A great editorial on the power of fiction, including great literature, to contribute to social change:
Is good literature just a story well told or verse set in perfect meter? Forget what critics may opine, the French police of the 19th century seem to have been possessed of more valuable judgment regarding the ‘real’ influence of literary writers. Nineteenth-century Paris police files, recently published in the form of a book, The Writers’ Police, reveal that many of the greatest writers living in the city at that time of turmoil and change in European history were kept under surveillance. Obviously, their vigilance did not stem out of fear of Arthur Rimbaud influencing a new Paris fashion of unkempt hair or of the unconventionality of Paul Verlaine’s love life.
The works of writers like Victor Hugo, Honore de Balzac and Charles Dickens tended to be more in the line of a social commentary.

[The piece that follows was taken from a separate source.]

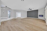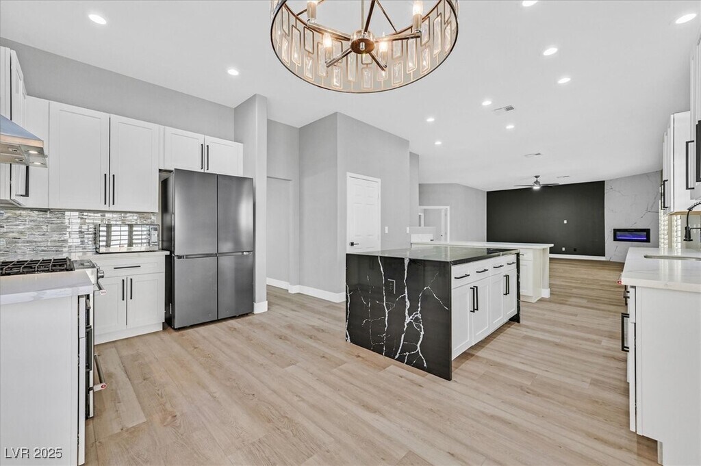 Fully remodeled 5 bed plus Loft / 4.5 bath home in the guard-gated Tiburon community. Nearly 4,400 sq ft with open floor plan, tall ceilings, and abundant natural light. Chef’s kitchen features large island, walk-in pantry, quartz counters, stainless appliances, and new cabinetry. Multiple living areas include formal living, family room w/fireplace, and upstairs loft. Oversized primary suite offers fireplace, spa-style bath w/dual sinks, soaking tub, separate shower, and walk-in closet. Downstairs bedroom w/¾ bath is ideal for guests. Backyard includes full-length patio cover, built-in BBQ, and low-maintenance landscaping. 3-car garage, newer AC units, and updated flooring, paint, and fixtures throughout. Close to shopping, dining, schools, and freeway access.

From raging at the shallowness of the aristocracy to focusing attention on poverty and discrimination, fiction for the masses turned out to be a sharp political blade that hit the right places and became catalysts of change.
The influence they could sometimes exert can be gauged by US President Abraham Lincoln’s statement to Harriet Beecher Stowe, the author of Uncle Tom’s Cabin: “So you’re the little woman who wrote the book that made this great [American civil] war.” Campaigner-for-changing-this-big-bad-world Arundhati Roy might now consider writing her second novel.